Thiel might counter, that service could be provided by the private sector. And perhaps it could.
But the point is about more than just shit.
It is this. National Forest Service and National Park toilets are an extension of something much larger than us and our bodily waste. They are part of a government effort to offer nature conveniently and with minimal disturbance for those who wish to enjoy it. In a way that works for animals and plants, too.
Libertarians extol the private sector and free will. But when it comes to preserving nature, their objects of admiration suck. One must only look at the towns adjacent to Yellowstone National Park to see why not. They are gaudy and commercial, free enterprise run amok. They are ugly. They are the antithesis of nature.
And, from personal experience, when it comes to cleanliness, the ‘private’ toilets in those establishments at the fringe of the park don’t hold a candle to those provided by our government.
Or, come to think of it, they need a (scented) candle…
Recall, it was the private sector of for-profit ranchers and farmers who fenced in the West, destroying natural habitat, driving much of its wildlife to near extinction.
That is not, by the way, a missive against ranching and farming. Industry and suburbanization have done far worse elsewhere.
The point is this: Self-interest and the pursuit of profit usually run afoul of nature.

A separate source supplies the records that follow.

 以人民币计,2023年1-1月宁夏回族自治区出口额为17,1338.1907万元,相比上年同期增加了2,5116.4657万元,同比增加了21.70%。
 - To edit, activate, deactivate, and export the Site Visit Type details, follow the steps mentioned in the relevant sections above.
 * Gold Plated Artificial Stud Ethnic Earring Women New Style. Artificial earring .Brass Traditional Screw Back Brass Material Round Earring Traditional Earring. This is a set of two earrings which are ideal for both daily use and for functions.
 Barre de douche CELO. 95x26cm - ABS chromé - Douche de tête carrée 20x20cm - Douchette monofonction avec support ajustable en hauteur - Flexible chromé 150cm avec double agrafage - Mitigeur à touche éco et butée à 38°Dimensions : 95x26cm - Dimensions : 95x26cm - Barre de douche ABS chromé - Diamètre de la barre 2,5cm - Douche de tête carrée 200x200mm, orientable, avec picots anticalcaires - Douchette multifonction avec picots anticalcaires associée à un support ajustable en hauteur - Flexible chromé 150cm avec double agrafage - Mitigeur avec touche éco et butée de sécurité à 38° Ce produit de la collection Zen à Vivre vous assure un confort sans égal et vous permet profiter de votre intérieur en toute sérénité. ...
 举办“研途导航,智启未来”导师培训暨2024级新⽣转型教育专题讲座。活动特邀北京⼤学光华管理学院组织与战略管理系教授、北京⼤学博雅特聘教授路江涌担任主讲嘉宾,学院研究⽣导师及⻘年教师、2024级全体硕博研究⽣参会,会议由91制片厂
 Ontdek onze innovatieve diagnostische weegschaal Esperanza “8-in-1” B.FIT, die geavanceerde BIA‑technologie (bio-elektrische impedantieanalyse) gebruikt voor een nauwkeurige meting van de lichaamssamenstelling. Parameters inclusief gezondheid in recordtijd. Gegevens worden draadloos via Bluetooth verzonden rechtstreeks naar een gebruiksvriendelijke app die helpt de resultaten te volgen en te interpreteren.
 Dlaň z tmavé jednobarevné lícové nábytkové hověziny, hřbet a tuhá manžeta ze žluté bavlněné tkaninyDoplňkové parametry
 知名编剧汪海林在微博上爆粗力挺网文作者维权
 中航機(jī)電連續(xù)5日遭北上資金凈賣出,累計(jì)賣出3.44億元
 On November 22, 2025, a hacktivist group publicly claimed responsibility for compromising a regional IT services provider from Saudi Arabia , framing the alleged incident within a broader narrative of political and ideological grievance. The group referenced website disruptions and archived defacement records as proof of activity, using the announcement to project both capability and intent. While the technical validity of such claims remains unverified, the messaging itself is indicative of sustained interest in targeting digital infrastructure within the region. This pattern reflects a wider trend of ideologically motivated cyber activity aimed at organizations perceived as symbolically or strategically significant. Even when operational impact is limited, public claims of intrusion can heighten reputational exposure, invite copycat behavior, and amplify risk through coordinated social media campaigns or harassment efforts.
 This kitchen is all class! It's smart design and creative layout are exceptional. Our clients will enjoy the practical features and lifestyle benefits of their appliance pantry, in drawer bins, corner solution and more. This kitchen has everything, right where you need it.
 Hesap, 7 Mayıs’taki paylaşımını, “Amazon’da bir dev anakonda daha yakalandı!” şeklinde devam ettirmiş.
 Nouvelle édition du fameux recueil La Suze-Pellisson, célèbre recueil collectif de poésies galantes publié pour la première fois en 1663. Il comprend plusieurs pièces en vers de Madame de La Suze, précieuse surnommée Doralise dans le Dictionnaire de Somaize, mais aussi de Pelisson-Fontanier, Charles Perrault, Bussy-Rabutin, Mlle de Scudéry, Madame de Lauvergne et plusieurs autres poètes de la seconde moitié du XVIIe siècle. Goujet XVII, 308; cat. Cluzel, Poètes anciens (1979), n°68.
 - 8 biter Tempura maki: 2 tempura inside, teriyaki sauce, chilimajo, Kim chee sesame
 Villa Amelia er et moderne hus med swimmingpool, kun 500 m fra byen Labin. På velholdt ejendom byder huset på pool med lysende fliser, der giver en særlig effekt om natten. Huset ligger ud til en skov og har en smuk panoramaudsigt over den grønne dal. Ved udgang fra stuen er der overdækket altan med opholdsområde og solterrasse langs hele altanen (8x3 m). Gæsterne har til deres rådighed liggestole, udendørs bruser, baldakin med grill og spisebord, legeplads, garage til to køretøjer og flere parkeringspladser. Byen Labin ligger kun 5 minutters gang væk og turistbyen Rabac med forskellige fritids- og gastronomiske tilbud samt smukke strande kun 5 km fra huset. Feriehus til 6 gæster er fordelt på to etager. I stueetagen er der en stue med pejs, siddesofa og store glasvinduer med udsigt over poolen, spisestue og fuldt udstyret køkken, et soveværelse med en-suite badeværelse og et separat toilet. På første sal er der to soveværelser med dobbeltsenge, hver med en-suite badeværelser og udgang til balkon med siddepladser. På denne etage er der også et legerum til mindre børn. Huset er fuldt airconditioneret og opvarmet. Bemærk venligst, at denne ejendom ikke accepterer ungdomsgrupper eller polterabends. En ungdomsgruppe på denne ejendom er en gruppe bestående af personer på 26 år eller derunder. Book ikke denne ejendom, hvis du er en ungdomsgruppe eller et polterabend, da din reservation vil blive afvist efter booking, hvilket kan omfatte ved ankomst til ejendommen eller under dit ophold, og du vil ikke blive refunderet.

It takes collective action to preserve nature. It was the federal government, first under Teddy Roosevelt, that preserved habitats by creating federal parks and national forests. It took even stronger federal action to save iconic species on the verge of extinction, such as the majestic bison and (in the lower 48 states) the grizzly bear.
As the economist Ronald Coase pointed out over sixty years ago, there is no ‘Pareto optimal’ market solution for externalities, such as fouling the environment or man-made biodiversity destruction, unless one can create property rights and trade them freely at minimal cost.
But the Coase Theorem does not work for nature on its grand scale. Even if owning all the mountains, all the clear water, and the entire atmosphere were possible (fat chance) and trading their property rights was cheap and feasible (fat chance), human experience tells us that the profit motive would turn the wilderness into Disney-like theme parks.
That is not what our and other species require or deserve.
To return to our theme, the belief that libertarians offer solutions that can preserve nature is a load of crap. It takes collective, not individual, actions to do so, steps that only government can undertake.
So, Peter Thiel, come and take a shit. In a government toilet. It might change your mind. And even if it doesn’t, I can assure you, it will be a pleasant experience.